Felisberto se apropió de un viejo secreto de la escritura: transformar las debilidades en un estilo peculiar. Era el suyo un estilo escaleno; casi cada línea tiene tres lados desiguales. Dicho de otro modo, escribía como alguien que sólo leía poesía. Su prosa avanza al modo de variaciones sobre una teoría de lo sublime, por entregas, sofisticadamente imprecisa. Si von Kleist dejó en su ensayo sobre las marionetas, entre otras cosas, un tratado de poética, Felisberto fue capaz de hacerlo por medio de la ficción, por ejemplo en el relato "Las Hortensias", tour de force absoluto de la imaginación abismada e instalación artística pionera.

La firma detrás de Nadie encendía las lámparas no le temía a la repetición de la palabra misterio: es el centro vibrante de su obra.
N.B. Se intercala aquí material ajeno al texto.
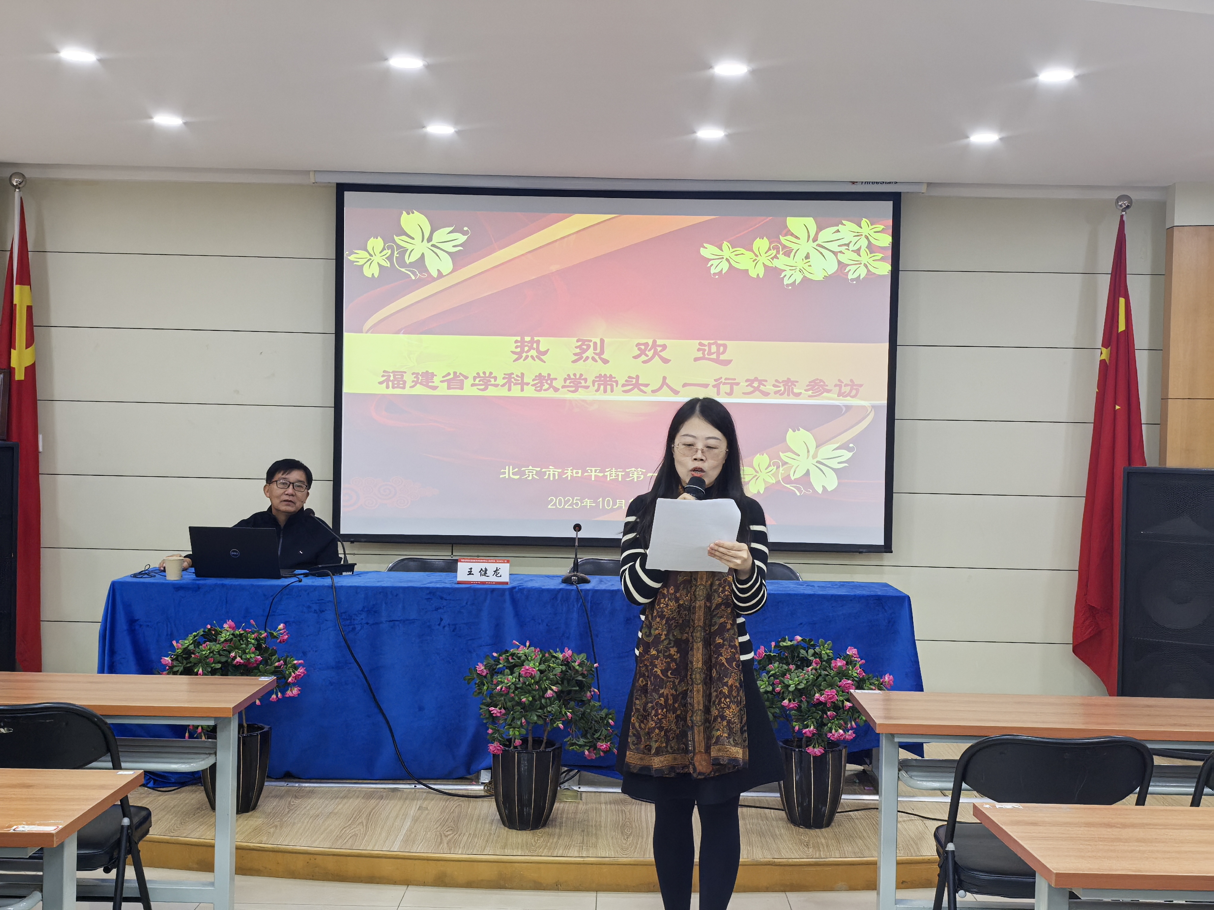2025年10月16日上午,北京市和平街第一中学莲葩园校区迎来了一批远道而来的教育同仁。福建省新时代基础教育学科教学带头人培养研修班一行50余人到校开展参访交流活动,共话教育理念,共促专业成长。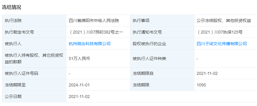 天眼查显示,11月2日,杭州微念品牌管理有限公司(曾用名杭州微念科技有限公司)新增股权冻结信息,股权数额51万人民币,冻结期3年,股权被执行的企业为四川子柒文化传播有限公司,执行法院为四川省绵阳市中级人民法院。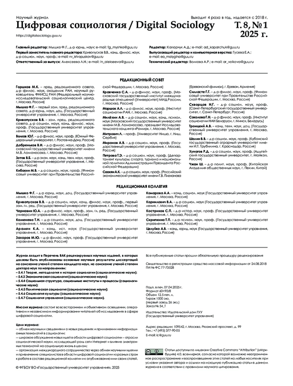 Цель настоящего исследования – выявить и обозначить ключевые векторы системных изменений социальных коммуникаций в условиях цифровой платформизации и создания метавселенных помощи человеку. Основными методами эмпирических исследований стали анализ документальных источников, контент-анализ, сравнительный анализ данных отчетов и статистики Министерства цифрового развития, связи и массовых коммуникаций Российской Федерации о цифровизации портала «Госуслуги», отчетов Global Digital, GSMA Intelligence, «Сбер» и др., вторичный анализ итогов исследований Всероссийского центра изучения общественного мнения. Основные результаты связаны с анализом динамики трансформации социальных коммуникаций в условиях цифровой платформизации. Установлено, что возможности мгновенных социальных интеракций сформировали феномен непрерывности темпоральной вовлеченности аудитории в глобальные информационные потоки. Отмечены опасности и риски, которые связаны с потерей приватности, защиты личной информации, утратой конфиденциальности данных, феноменами цифрового разобщения и цифрового неравенства. Сделан вывод о происходящих изменениях в повседневных практиках социальных коммуникаций и трансформации жизненного мира, проявляющихся в государственном управлении, экономике, социальной работе, медицине, реабилитации, сетевых социальных коммуникациях и иных сферах.

Y cuando quería se daba el lujo de ser mordaz hacia sus propias búsquedas: “pues hay teorías con sugestión exótica, con misterio sugerente, con génesis naturalista, con profundidad filosófica, etc”. Poseía una destreza sin fin para novelar el misterio (novelar es un verbo pertinentemente esquivo), como lo prueba su cuento “La casa inundada” o, en otra paleta cromática, Por los tiempos de Clemente Colling, acerca de su maestro de piano ciego, una de las más bellas historias, por oblicua y elíptica, sobre un tutor y su discípulo.

Con Felisberto Hernández se ratifica que decir de un modo raro es rastrear un espejismo que se desplaza hacia adelante, y en su estela tiene a bien dejar una frase. Sus oraciones, podría pensarse, se dividen en frases convenientemente idiotas, inteligentemente idiotas y genialmente idiotas. A menudo termina un relato, adrede, de un modo simple. Un jugador –un escritor– puede crear misterio en su amistoso rival –el lector– si decide abandonar inexplicablemente (en una posición pareja).